Allow each of your movements to grow on top of the previous one.
Melt, rot, decompose.
Allow this to be the terrain for something unexpected to happen.

David Guzman
David Guzman is a multidisciplinary performer, dancer and lichen lover. He has performed in queer bars, traditional stages, parks and forests. His most recent performances have been in Bread and Puppet Theatre’s The Persians, which toured in New York and Chicago. He is currently a member of the Headlong Dance Theater Performance Institute cohort, a collaborator and dancer for Mina Nishimura, a translator of the book Experiments in Choreology, or, Where the Soviet Gesture Has Led Us and assistant to artists Ishmael Houston-Jones and Ni’Ja Whitson. Living and researching at another audience in 2021 has radically shifted David’s urges as a performer towards acknowledging the land that makes and unmakes him every day.
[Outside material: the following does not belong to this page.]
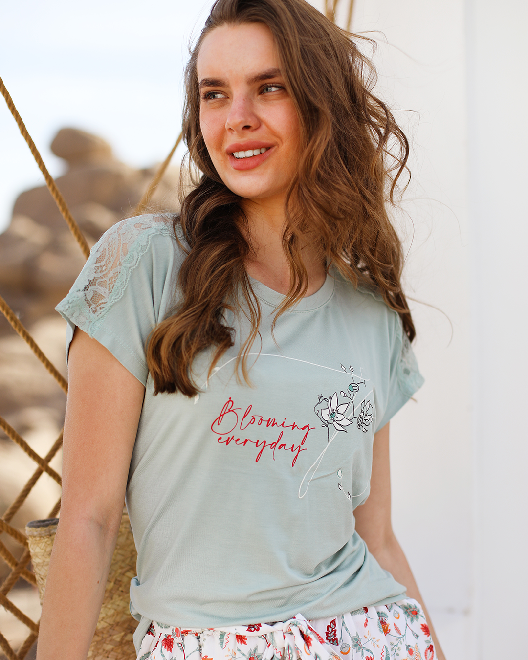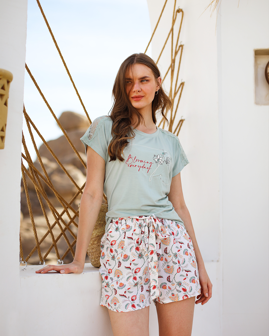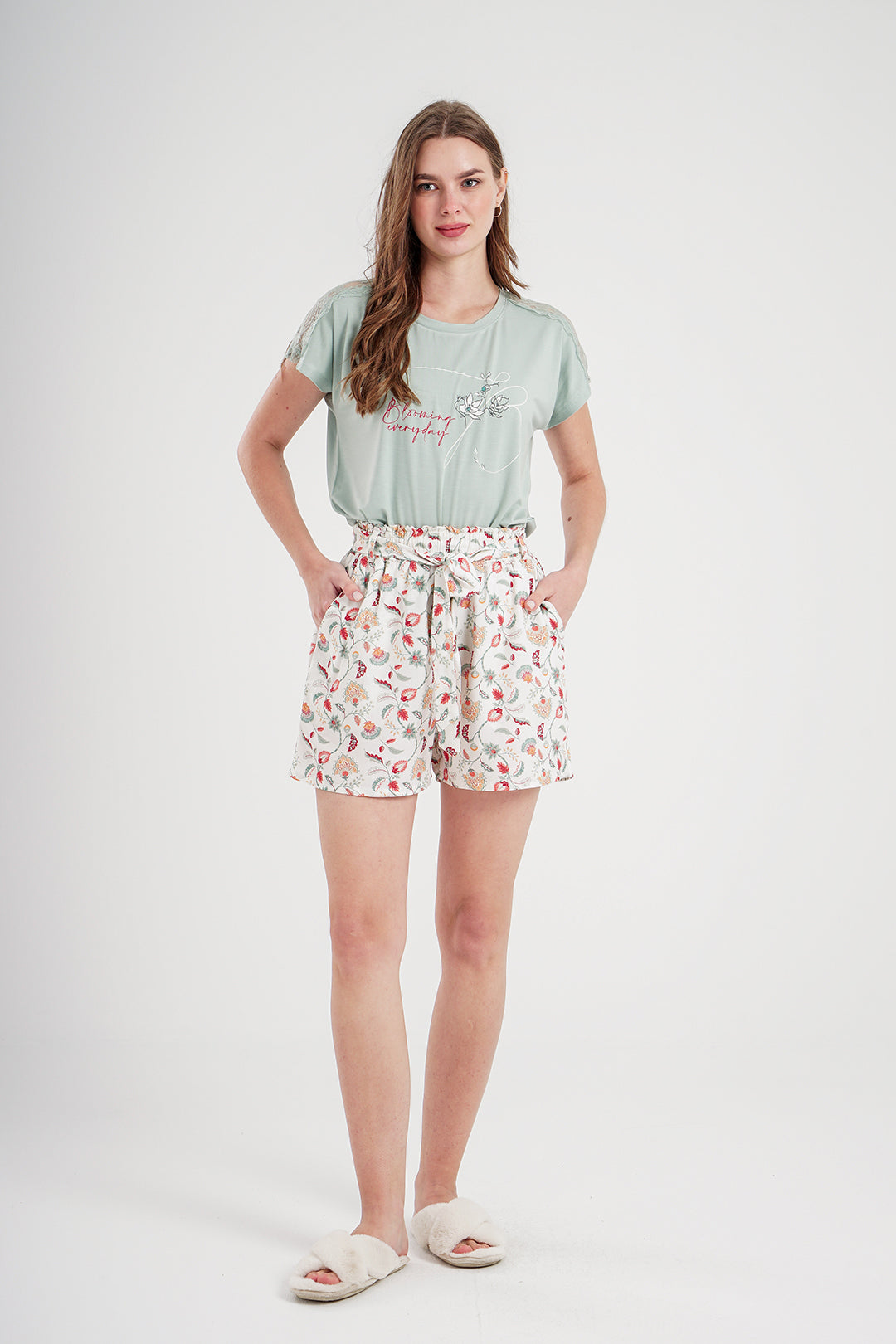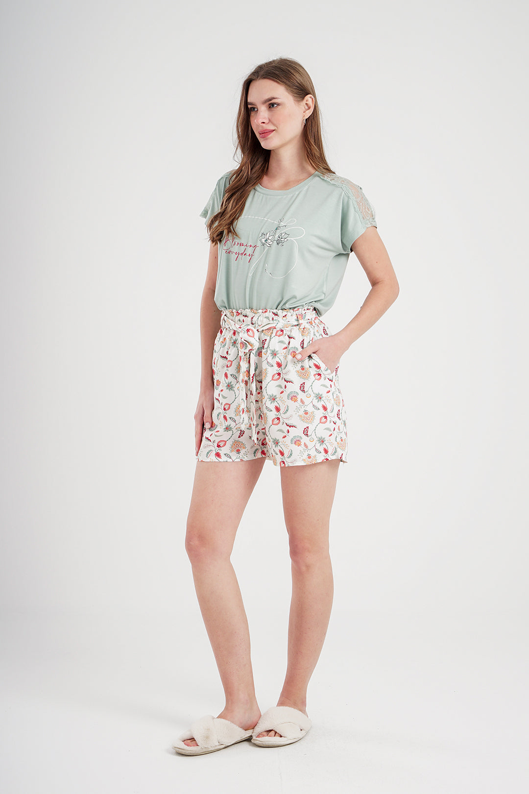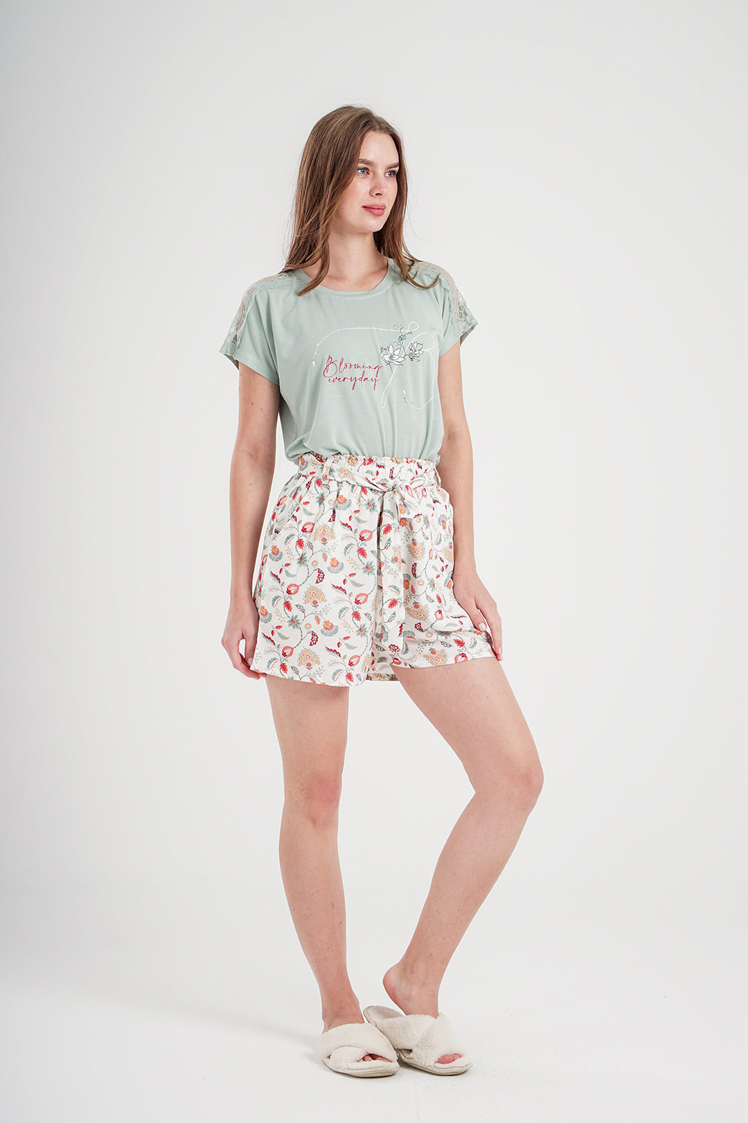 Blooming Everyday بيجاما حريمي شورت فسكوز مطبوع

While at Black Hole Hollow, David cultivated specific rituals of embodying lichens sensorially, guiding his attention towards and through the knowledge accumulated with and about them in an attempt to imaginatively become them. He also developed rituals called “wandering, listening and observing” in an attempt to explore land acknowledgement as an ongoing, relational, embodied practice. Through his performance practice of visitations to certain parts of the land, David took the proposition of the residency very seriously: to perform for the land and to consider what shifting attention away from the theater of the human gaze could open up and reveal.